In this model, Timothy Chan and Eric Chen proposed several algorithms to solve the convex hull problem and also the linear programming problem (Chan and Chen 2007).

2.3 Streaming data mode

In the two models described above, data can be read repetitively and only the extra memory was limited. However, we encounter more restrictions in the streaming data model. In this model, data are supposed to stream in a line and each data can be read only at the moment and, afterward, they will not be accessible. Also in this model, it is assumed that the memory used in the algorithm cannot be in the order of the number of inputs and such a memory is not available. An algorithm in this model should read the data stream on the data line in each step and at that moment, do the required processing, and then, decide which data or information should be stored in the memory. The amount of memory in this model is mostly presumed constant relative to input data or in the logarithmic order of input data.

Fig. 1

(Left) Reflex vertices with respect to q are displayed by white points and others are displayed by black points. (Right) Visibility polygon \(\hbox {Vis}_{\mathcal {P}} (q)\); p is the shadow of vertex \(v_5\)

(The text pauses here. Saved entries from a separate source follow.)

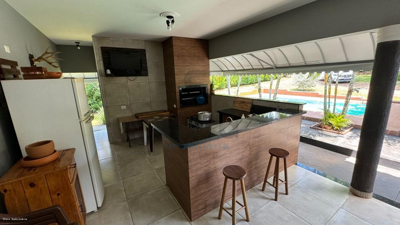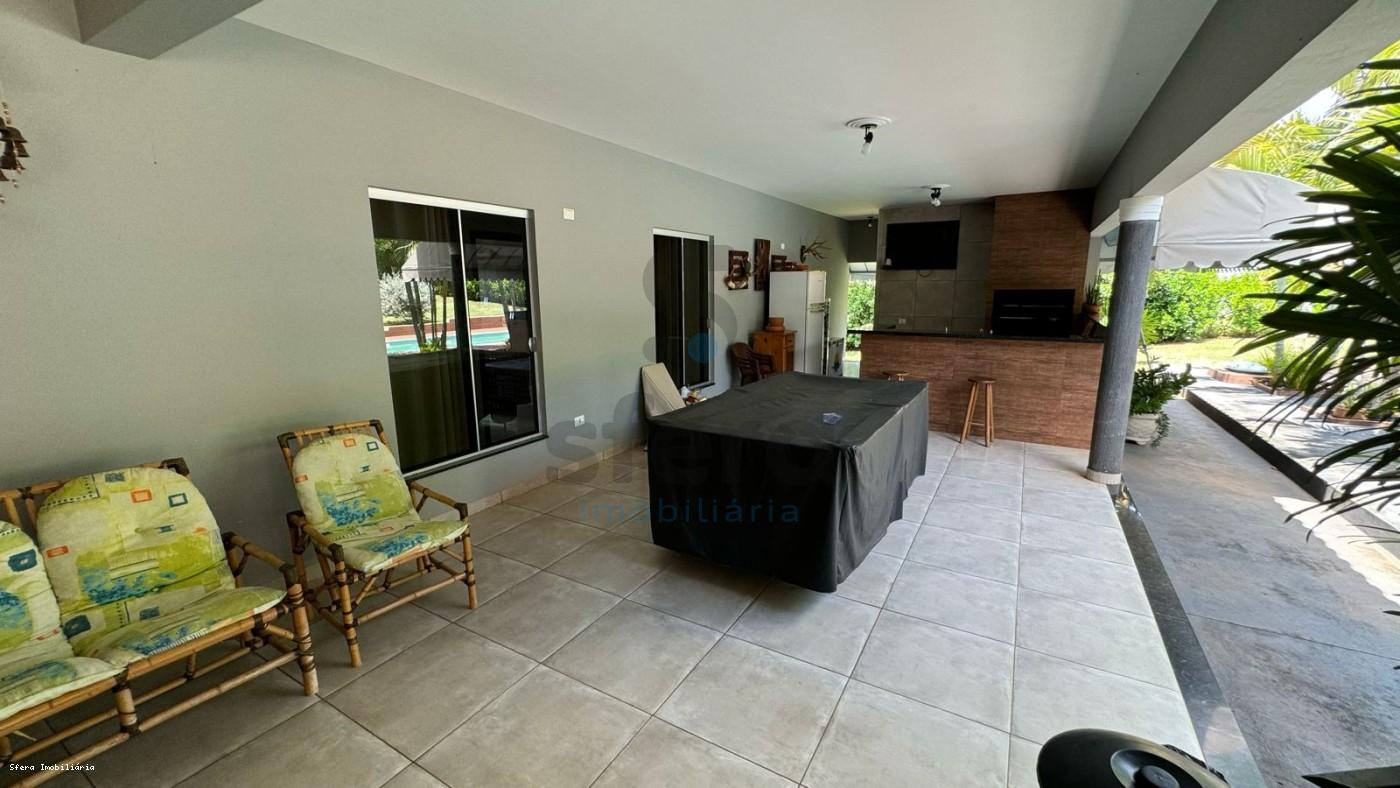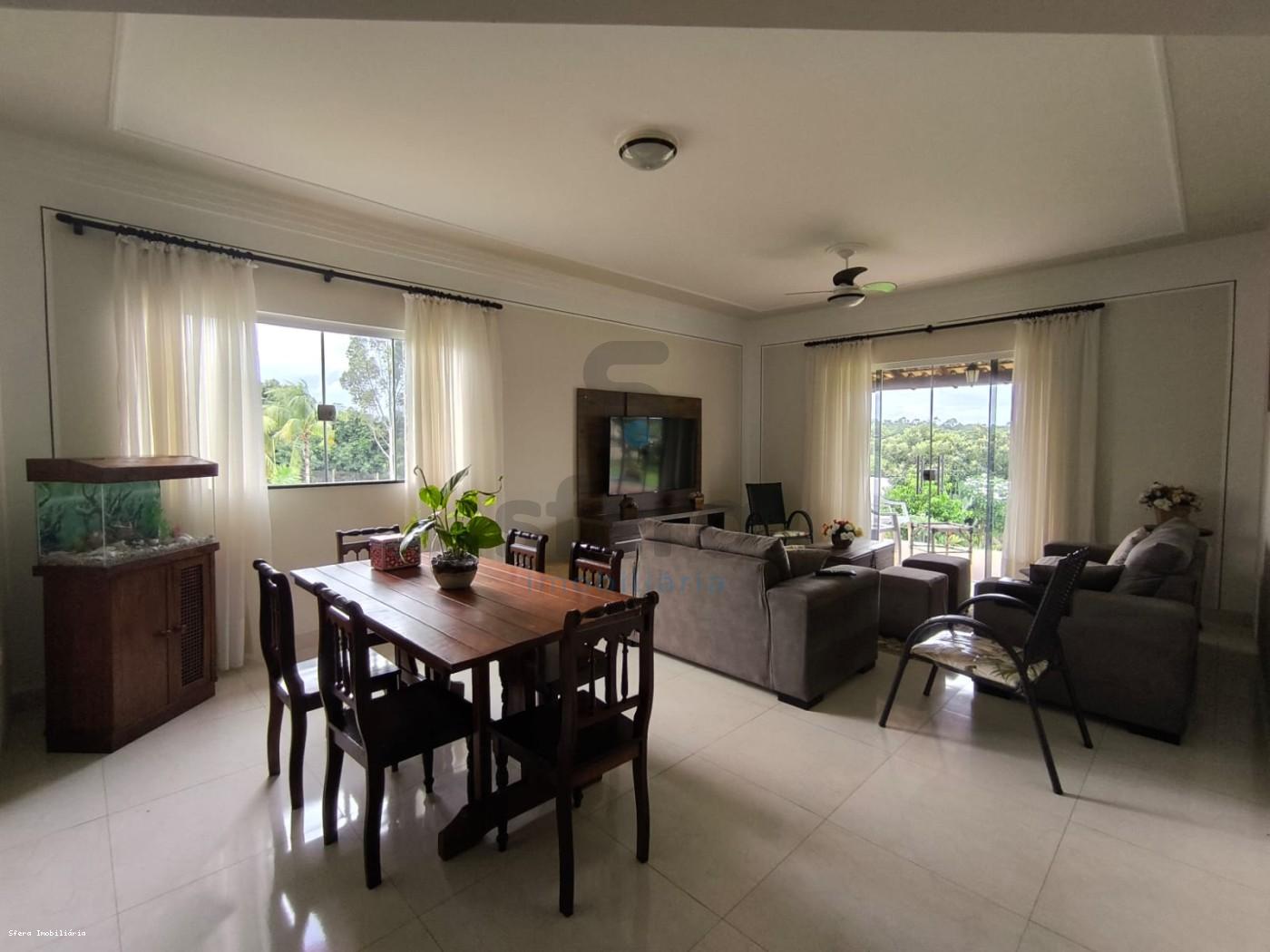 - São 5.000m² de área total e 310m² de área construída; - 03 quartos sendo 01 suíte, todos com ar condicionado; - Escritório; - Banheiro social; - Cozinha planejada conjugada com sala de jantar e sala de estar; - Despensa; - Área de serviço coberta; - Ampla área coberta com espaço gourmet; - Banheiro externo que atende piscina;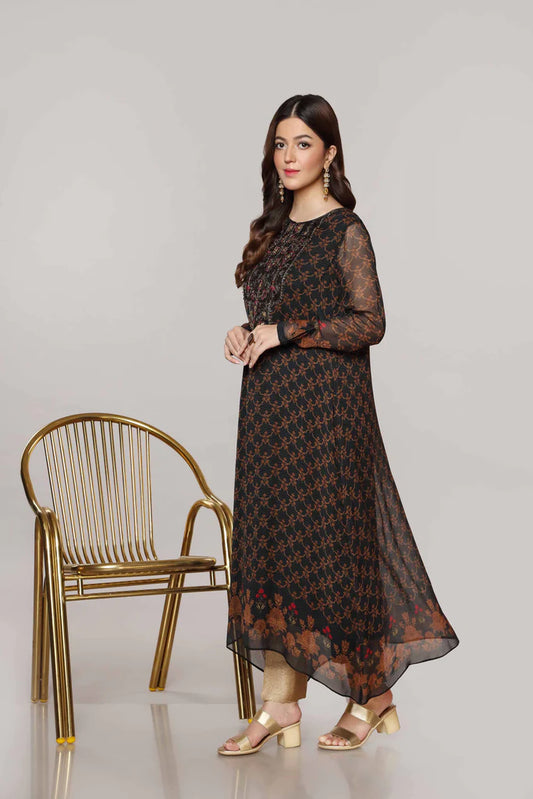 Black Printed Cotton Kurta with Pants - Set of 2
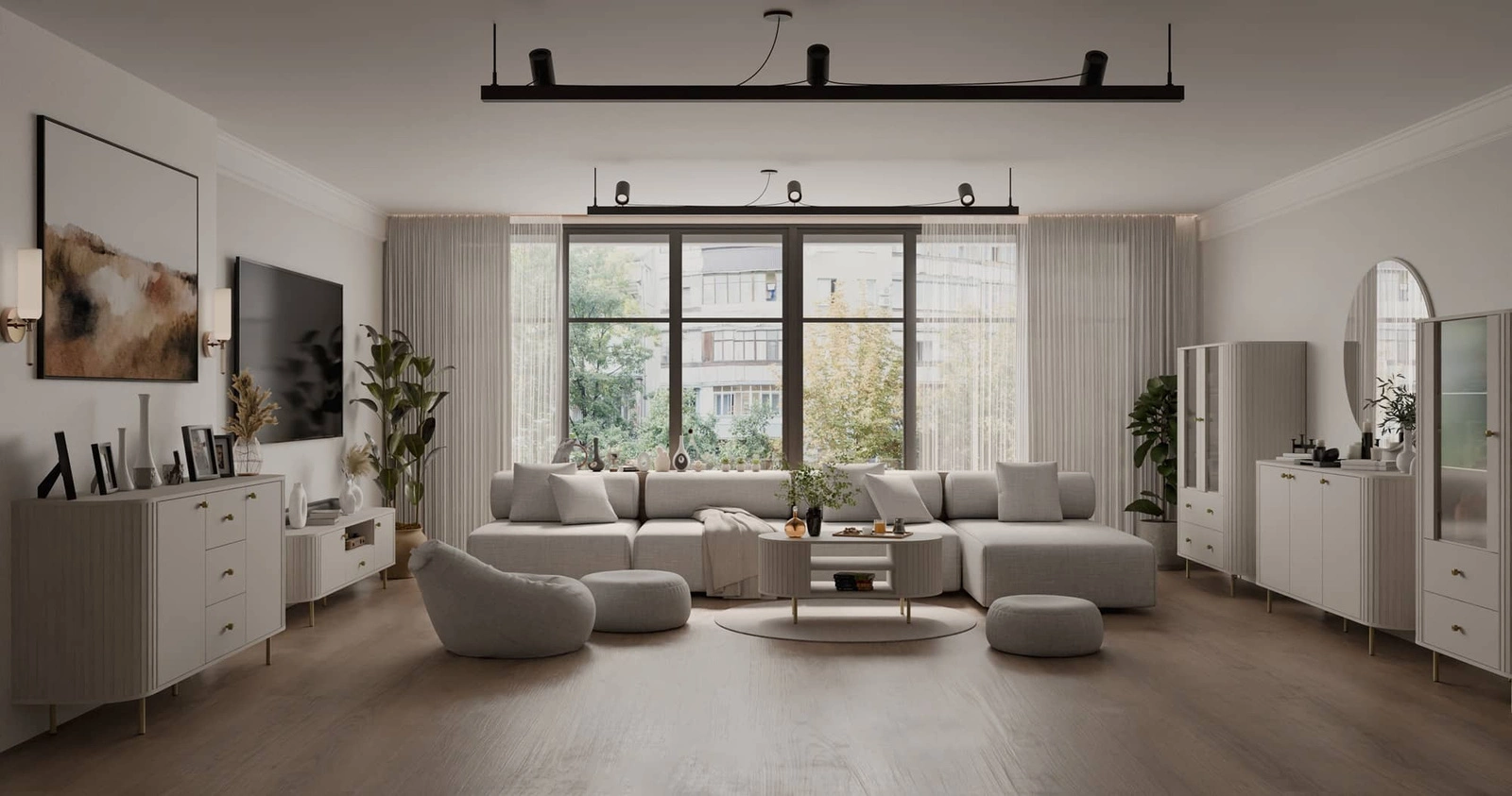 Der RTV-Schrank Ovalio 181 cm in Beige ist ein modernes Möbelstück, das durch seine Form und Ästhetik überrascht.
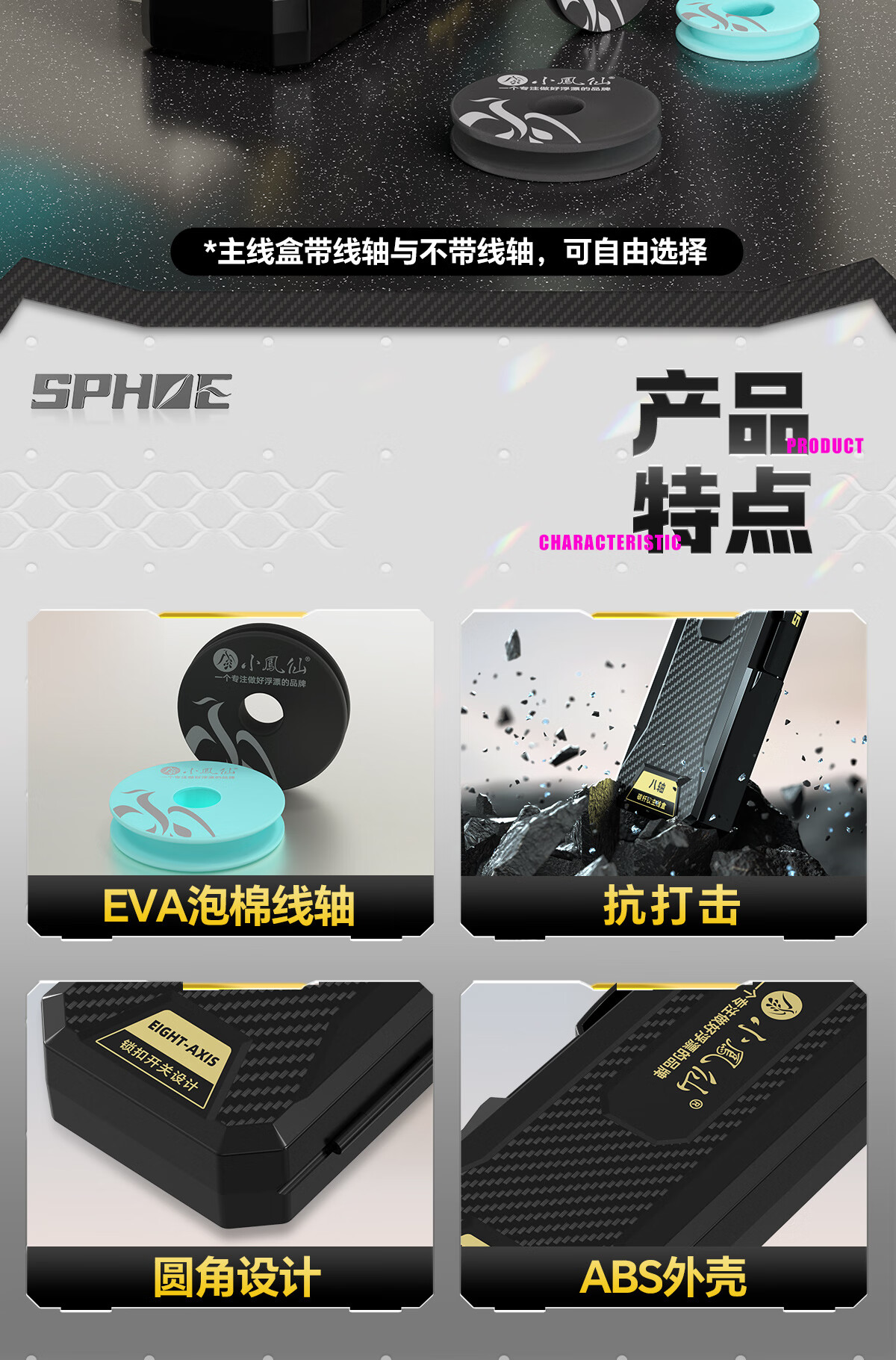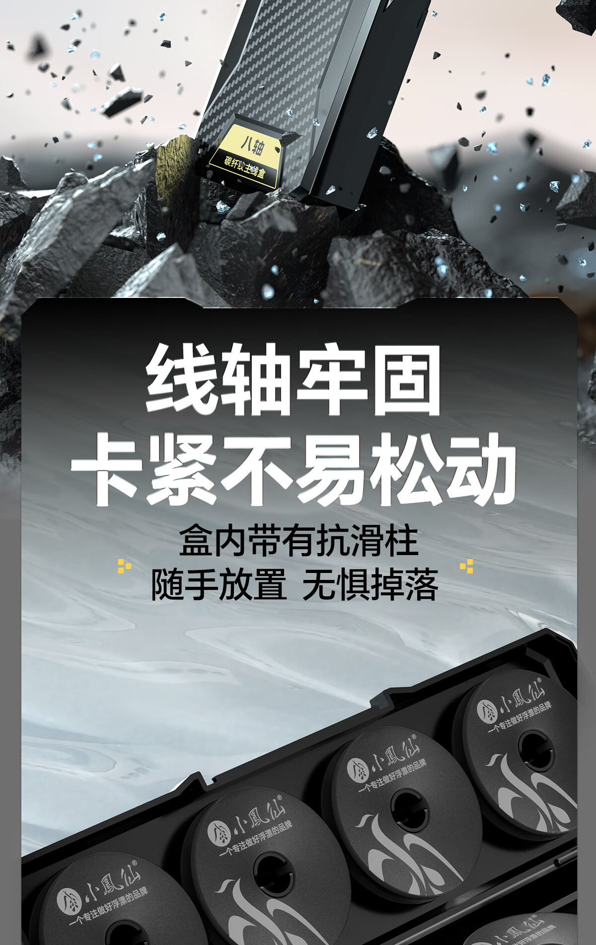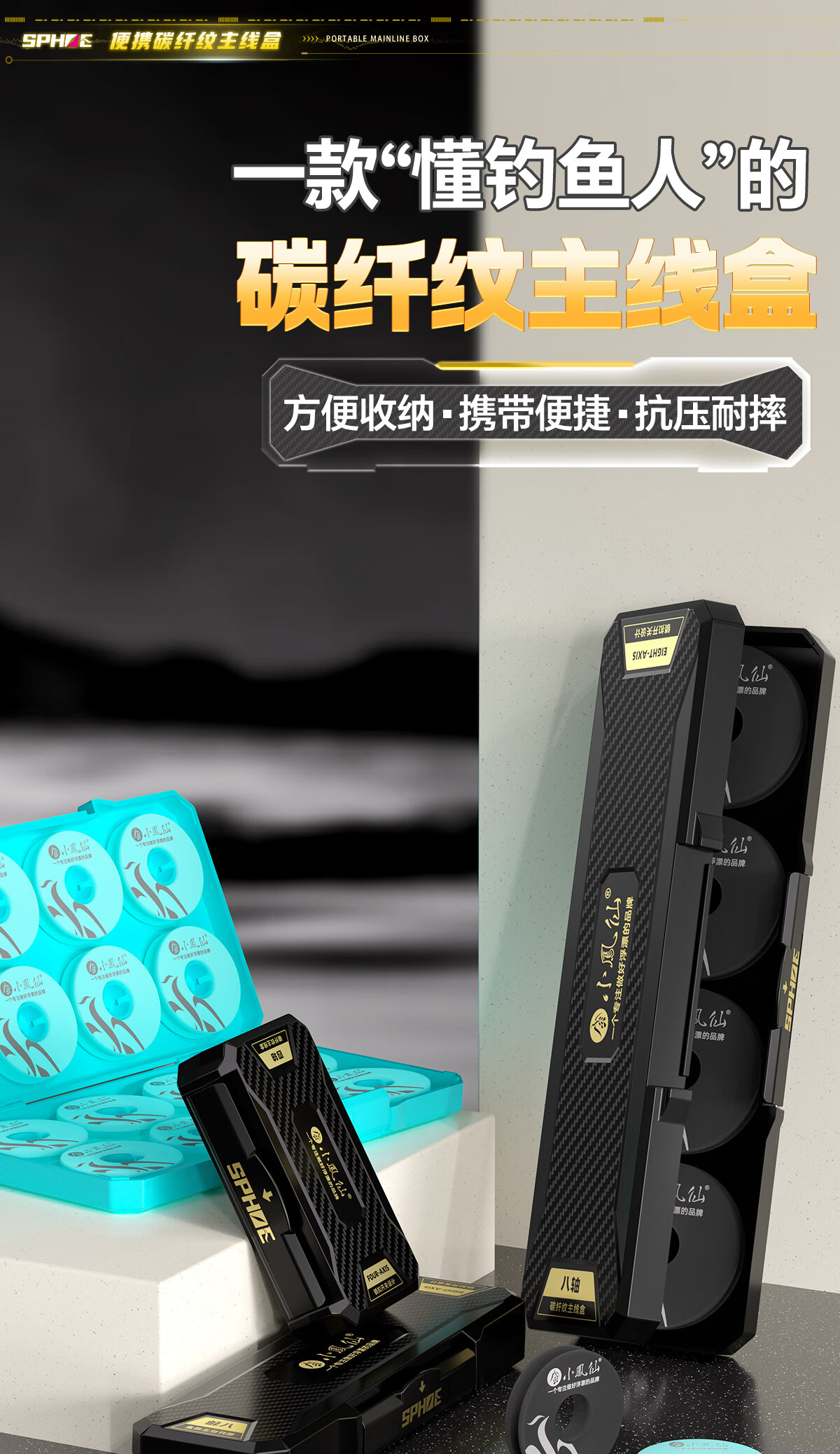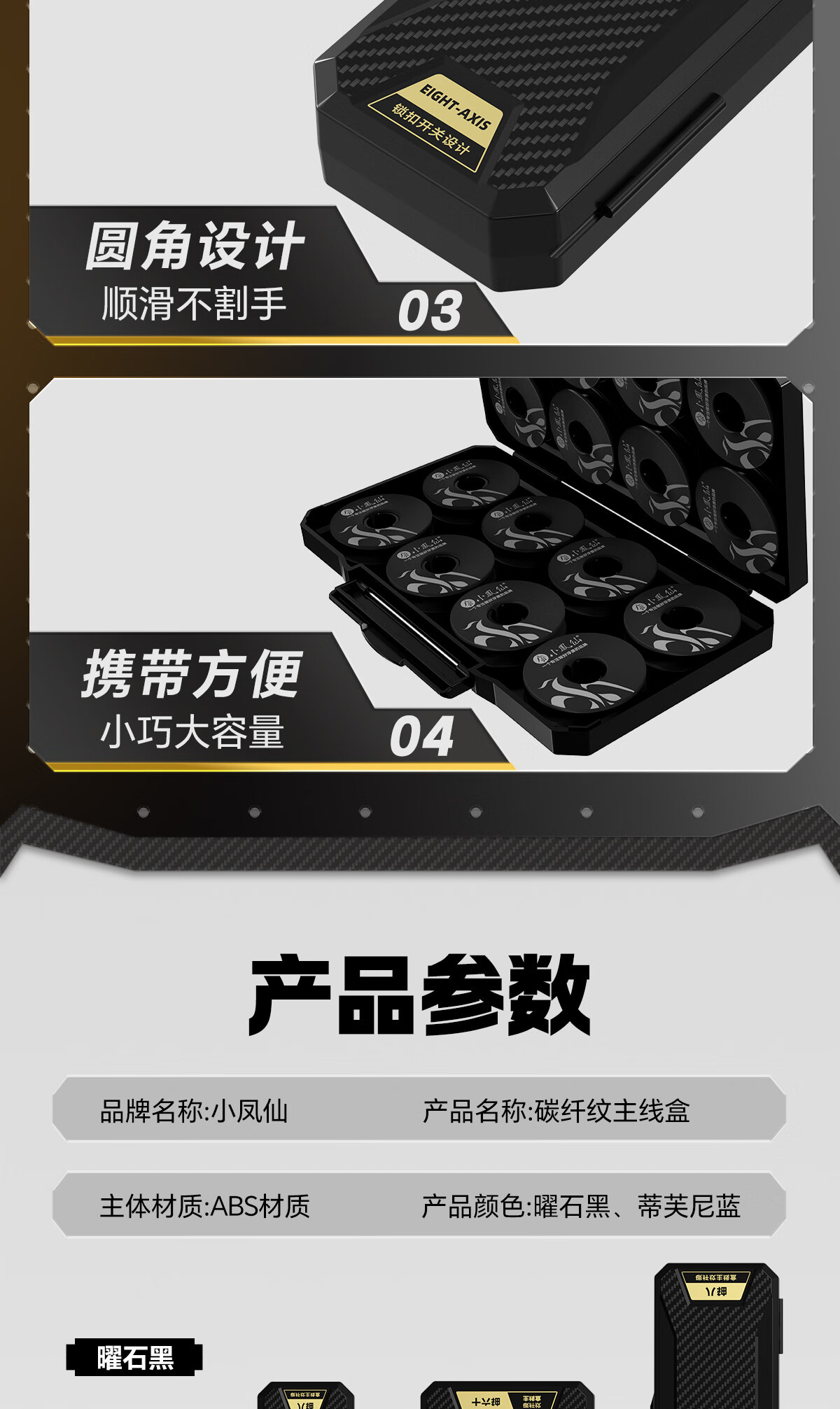 Xiaofengxian carbon fiber pattern main line box large-capacity fishing line group fishing supplies multi-functional sub-line box fishing line storage box fishing gear large 8-axis without shaft black with lock line group storage box

It is important to recall that only an approximation of the optimal solution is obtained for most non-trivial problems due to higher restrictions in this model. The reason is that each data can be read only once and not all of them can be stored. Hence, solving problems in this model is highly associated with approximate algorithms.

Hamid Zarabizadeh and Timothy Chan presented an approximation algorithm for computing the minimum enclosing ball of a point set in \({\mathcal {R}}^2\) in this model with constant extra memory, linear time complexity, and approximation factor of 3 / 2 (Zarrabi-Zadeh and Chan 2006).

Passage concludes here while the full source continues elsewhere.